Tout laisse à penser que ces images sont un procédé qui donne accès à la représentation imagée interne que l’enfant se construit de son environnement à partir de ce qu’il entend. Il va rapidement être prêt à cheminer dans ce bleu, qui permettra ainsi de représenter le «sens radar» du héros. Cette scène est construite pour restituer au spectateur les images du futur Daredevil. Pour les besoins audiovisuels du spectateur, il faut que les yeux de Matt Murdock conservent une fonction graphique, et ce visuel accompagne l’auditif à tel point qu’il lui est substitué à l’écran. On retrouve cette idée plus tard dans sa profession d’avocat, quand il utilise son ouïe pour percevoir les battements cardiaques d’un témoin et déterminer d’éventuels mensonges: le cœur se trouve alors radiographié à l’écran pour permettre au spectateur de mieux visualiser ce que Daredevil perçoit par son hyperacuité auditive et témoigner de la concentration auditive du personnage1.

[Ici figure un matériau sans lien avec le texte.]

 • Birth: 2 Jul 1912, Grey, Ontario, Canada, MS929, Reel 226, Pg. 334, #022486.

Ainsi au fur et à mesure que lui parviennent les sons amplifiés, l’enfant angoissé les identifie (des pas, des voix, des moteurs…) et les associe à des images, qui sont présentées à l’écran au sein de vagues bleues. Le spectateur peut imaginer un regard capable de traverser les murs, car ce n’est que par l’entremise de cet effet qu’il prend conscience de la distance que peut désormais couvrir la perception auditive accrue du jeune héros. Le film considère d’ailleurs très brièvement l’idée qu’en grandissant, le garçon aveugle aura besoin de s’immerger régulièrement dans un caisson insonorisé pour reposer ses sens mis à rude épreuve par le monde extérieur.

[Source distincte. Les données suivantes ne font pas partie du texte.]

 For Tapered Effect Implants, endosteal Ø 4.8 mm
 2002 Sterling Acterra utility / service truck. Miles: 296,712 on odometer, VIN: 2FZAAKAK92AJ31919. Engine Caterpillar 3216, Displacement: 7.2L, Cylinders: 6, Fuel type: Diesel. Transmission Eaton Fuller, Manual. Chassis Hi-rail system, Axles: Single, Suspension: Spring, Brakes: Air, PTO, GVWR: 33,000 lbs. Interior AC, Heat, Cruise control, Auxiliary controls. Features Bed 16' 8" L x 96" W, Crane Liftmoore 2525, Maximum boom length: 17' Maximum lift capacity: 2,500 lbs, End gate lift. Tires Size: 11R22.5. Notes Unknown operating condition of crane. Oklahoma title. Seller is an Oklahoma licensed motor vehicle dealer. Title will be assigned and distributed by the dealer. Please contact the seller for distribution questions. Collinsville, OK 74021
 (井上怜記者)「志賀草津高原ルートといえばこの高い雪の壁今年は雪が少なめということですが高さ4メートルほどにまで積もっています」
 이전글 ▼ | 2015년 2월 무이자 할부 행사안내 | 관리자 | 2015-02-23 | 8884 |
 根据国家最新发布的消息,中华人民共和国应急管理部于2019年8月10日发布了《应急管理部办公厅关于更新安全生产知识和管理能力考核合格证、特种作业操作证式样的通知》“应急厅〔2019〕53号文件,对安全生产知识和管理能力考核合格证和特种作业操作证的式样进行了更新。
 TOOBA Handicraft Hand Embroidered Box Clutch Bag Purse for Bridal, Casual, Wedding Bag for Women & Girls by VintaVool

Plus tard, d’autres habiletés de Matt Murdock seront évoquées. Il lit le braille par son toucher; ses plaidoiries sont aussi en braille et son associé Foggy Nelson sera à un moment bien en peine de défendre leur client en se fiant aux seuls documents de son collègue absent. Il est capable de repérer une faible odeur d’ammoniac sur une scène de crime2. Dans de tels moments, le bleu n’intervint pas et on notera qu’il est surtout présent dans les scènes de Daredevil bien plus que dans celles de Murdock. Ce fait laisse supposer que seul le «sens radar» fait l’objet d’une réelle représentation graphique, qui a pour but d’illustrer les images que Daredevil est capable de se représenter pour assurer ses déplacements. Le raisonnement se maintient lorsque Murdock narre lui-même en voix off le développement de ses capacités. Sur un toit, il frappe de sa canne une gouttière. Le champ bleu reconstitue le schéma de l’objet au fur et à mesure que Matt en écoute la vibration, ce qui lui permettrait d’identifier le chemin pour descendre du toit. Il se repère de la même façon sous le masque de Daredevil quand il traque un policier renégat dans les couloirs du métro.

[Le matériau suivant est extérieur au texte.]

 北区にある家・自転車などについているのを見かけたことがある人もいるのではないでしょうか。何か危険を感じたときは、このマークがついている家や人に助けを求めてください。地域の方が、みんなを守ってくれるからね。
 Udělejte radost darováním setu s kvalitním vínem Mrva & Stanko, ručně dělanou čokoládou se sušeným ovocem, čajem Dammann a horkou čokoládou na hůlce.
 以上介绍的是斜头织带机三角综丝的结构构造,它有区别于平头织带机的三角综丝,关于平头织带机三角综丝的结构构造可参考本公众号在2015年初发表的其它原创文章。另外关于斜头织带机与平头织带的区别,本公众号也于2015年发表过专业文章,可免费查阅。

En revanche l’usage du bleu dans les scènes de pluie est problématique, car la symbolique tente de se mêler aux super-sens. Matt rencontre la femme aimée, Elektra. Quand la jeune femme est sous la pluie, le «radar» bleu reconstitue parfaitement son visage, mais de plus il nimbe de lumière cette figure, sans que cette surbrillance ne soit justifiée. Il en va de même lorsque le justicier se retrouve face au Kingpin, grand ennemi du film, et qu’un détecteur de fumée expose également le visage de l’ennemi à cette soudaine luminosité. La couleur bleue ne sert plus que la narration et sa codification. Elektra brille en tant que femme aimée et magnifique pour le héros, et son grand adversaire est littéralement sorti des ténèbres pour que la justice de Daredevil puisse œuvrer au nom du Bien.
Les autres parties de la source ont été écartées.